Je me souviens en effet, lors de ma visite au palais d’Atlas, avoir vu une planète beaucoup plus évoluée que la nôtre et d’où les mâles avaient disparu.
Mata Hari semble très intéressée.
— Biologiquement peut-être. Mais culturellement c’est le contraire. J’ai lu qu’en Asie, les familles profitaient des échographies qui leur permettaient de connaître le sexe de l’enfant avant sa naissance pour avorter lorsque c’était une fille. Du coup, les nouvelles générations sont majoritairement masculines.
— La biologie est plus forte que tous les systèmes artificiels inventés par les hommes.
Et pour couper court au débat je déclare :
— Un jour, il n’y aura plus que des femmes sur terre, et les hommes seront une légende.
Cette phrase la laisse songeuse.
— C’est possible ?
— Chez les fourmis il n’existe pratiquement que des femelles et des asexuées. Et c’est une espèce bien plus ancienne que la nôtre. Elles sont sur Terre 1 depuis 100 millions d’années alors que les premiers primates ne sont apparus que depuis 3 millions d’années. C’est cette solution qu’elles ont trouvée. L’avenir féminin. Uniquement féminin.
Mata Hari se retourne et m’embrasse goulûment.
— Que Dieu t’entende. Demain, c’est jour de relâche, énonce-t-elle après un moment de silence. Mais après, le jeu deviendra plus difficile. Il y a maintenant de grands empires. Raoul et ses aigles, Georges Méliès et ses termites, mais aussi Gustave Eiffel et ses tigres. On dirait que nous sommes entrés dans une spirale où les gagnants vont être de plus en plus gagnants et les perdants de plus en plus perdants.

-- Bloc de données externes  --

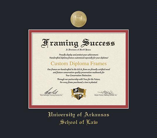 University of Arkansas Diploma - Law (7/21 to Present) Frame with Medallion and Black and Red Double Mat and Gold Embossing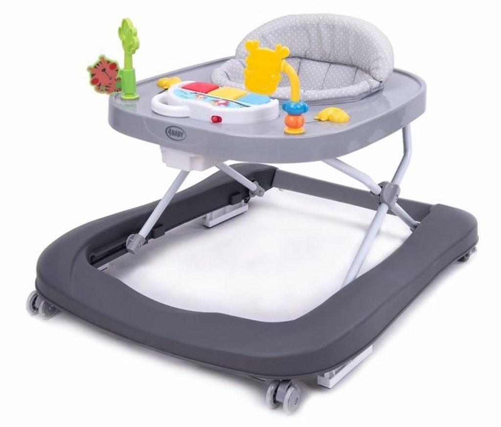 Dětské chodítko 4Baby s interaktivním hracím panelem je určeno pro děti od 6 měsíců věku. Zadní část sedátka je vyztužená a lze ho vyjmout. V přední části je umístěný interaktivní hrací panel. Na něm jsou umístěny 3 barevná tlačítka, která spouštějí různé melodie a přitom svítí. Pro ještě větší zábavu jsou na horní desce umístěni 2 posuvní šneci a hračky ve tvaru žirafy a tygra. Chodítko lze ho využít i jako odrážedlo. Přední kolečka chodítka jsou otočná a jsou vyrobeny z materiálu, který nepoškrábe podlahu. Splňuje veškeré normy které jsou vyžadovány pro dětské chodítka.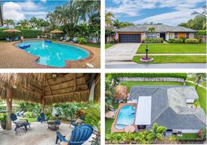 Welcome to this coastal farmhouse style single-family home featuring 4 bedrooms, 2 bathrooms, and a 2-car garage on a spacious corner lot. Inside, the home offers a brand new custom kitchen with island, a walk-in pantry with coffee bar, and separate living and dining areas that provide comfort and privacy. Step outside to a private, fully fenced backyard designed for entertaining, complete with tropical landscaping, an enclosed patio, pool and jacuzzi, wet bar, tiki hut with sand, and additional space to store a boat or RV. The neighborhood park offers a large walking path overlooking a lake, large kids playground, as well as tennis and pickle ball courts. An exceptional place to call home.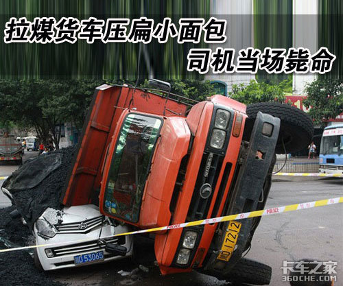 从车祸现场可以看到,一辆拉满煤炭的大货车重重的把一辆小面包压在下面,小面包整体已经被挤压的面目全非。大货车装载的4.9吨煤炭全部摊撒在小面包车的驾驶席左侧,以至于小面包的左侧车身严重变形,司机也被卡在驾驶席没有及时出来而当场死亡。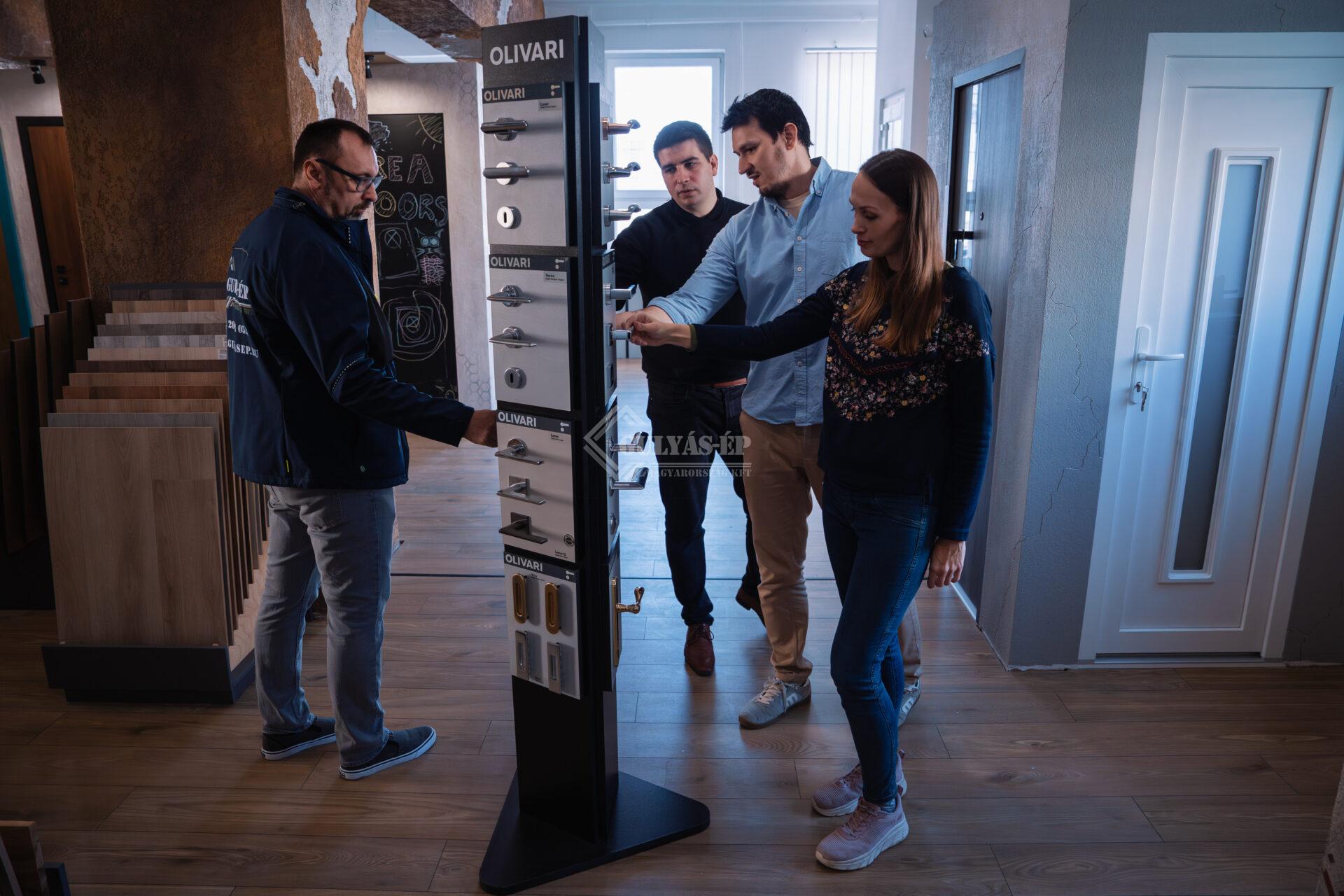 Megrendelőinkkel partnerünknél, a Kreadoors Kft.-nél jártunk, ahol a részletek kiválasztása is a közös munka része. Nálunk az együttműködés nem ér véget a tervezőasztalnál: elkísérjük a megfelelő helyekre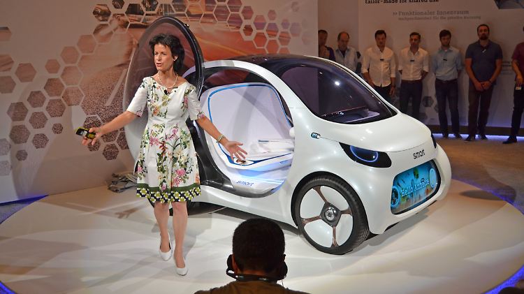 Zudem zeigt das Showcar, wie sich Smart das Carsharing der Zukunft vorstellt. Bestellt wird das Fahrzeug - auch heute schon - über ein mobiles Endgerät. Allerdings muss sich der Entleiher heute noch selbst zum Wagen bewegen. In Zukunft wird der dann eigenständig vorfahren. Auch die Fahrzeugfunktionen werden über das Smartphone gesteuert. Und da die Technik Zugriff auf die personalisierten Daten des Kunden hat, sind auch die Farbwelten, Informationen und Entertainment-Angebote genau auf den Einzelnen zugeschnitten. Wer das Auto mit anderen Passagieren teilt, spart bares Geld oder erhält für zukünftige Fahrten verwertbare Credits.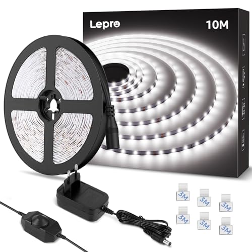 Lepro Ruban LED blanc froid 10 m - 6000 K - Intensité variab...
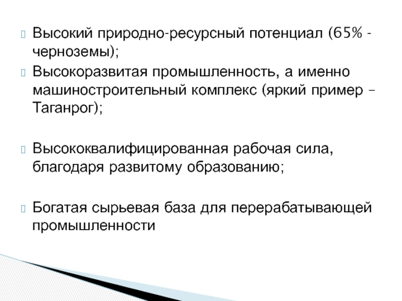 Слайд 28Высокий природно-ресурсный потенциал (65% - черноземы);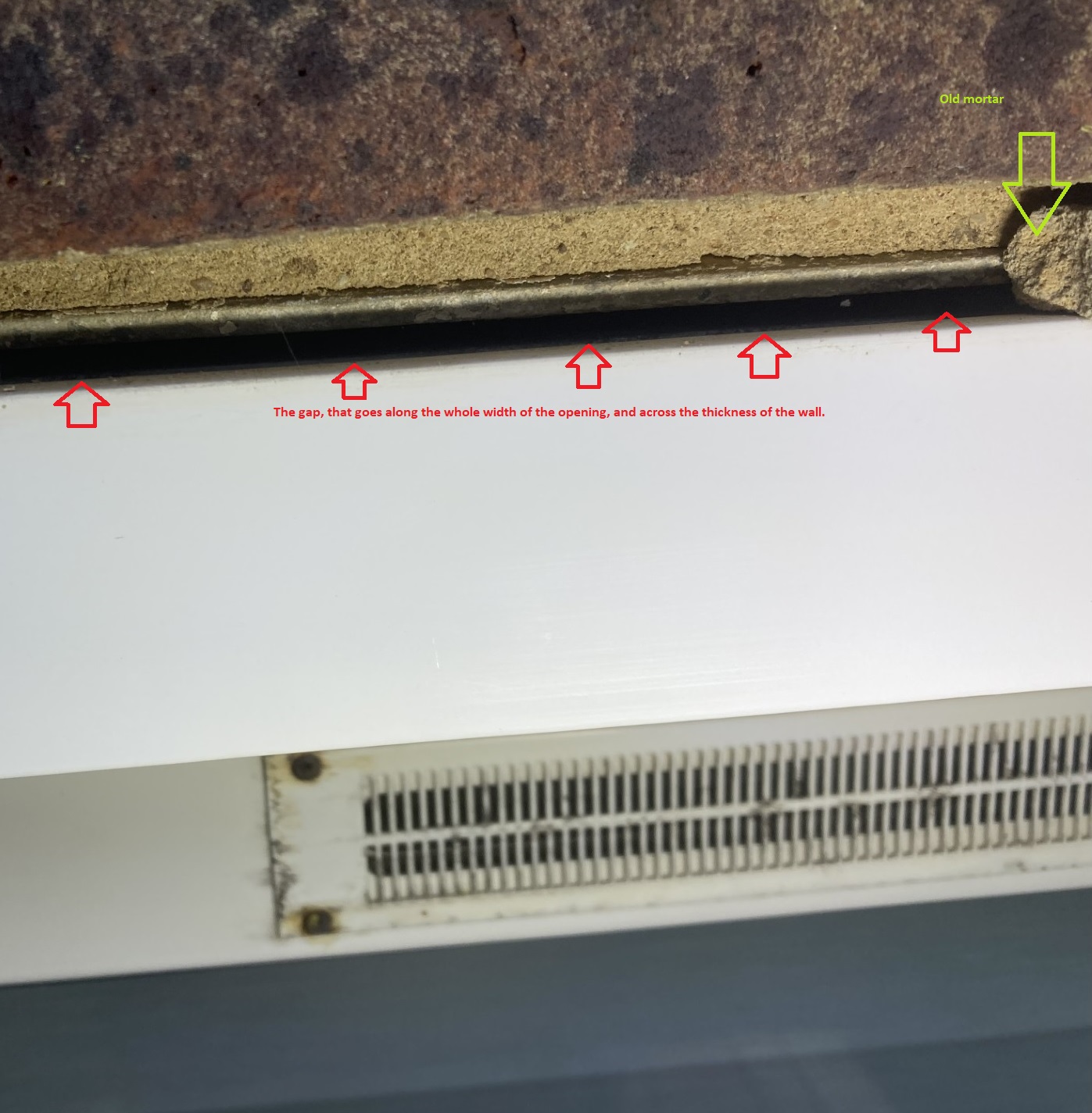 3. Silicone only the bit from frame to bottom of lintel and leave the existing mortar bed above the lintel exposed.

Là-dessus elle se plaque en cuillère contre moi et nous nous endormons.
Je rêve que je fais encore l’amour avec Mata Hari lorsqu’un bruit me réveille.
Aphrodite est là. Elle me fixe d’un regard dur qui modifie son visage. Puis elle s’en va.
J’hésite à la poursuivre. Je renonce. J’essaie de me rendormir, n’y arrive pas, alors je me lève et vais dans le jardin. Aphrodite est encore là, au loin, à me scruter.
Depuis combien de temps me surveille-t-elle ainsi ? À-t-elle assisté à nos ébats ? À-t-elle écouté notre conversation ? Je veux aller vers elle, mais elle déguerpit. Je la poursuis. Elle disparaît.
Je rentre, me glisse contre Mata Hari et me rendors enfin.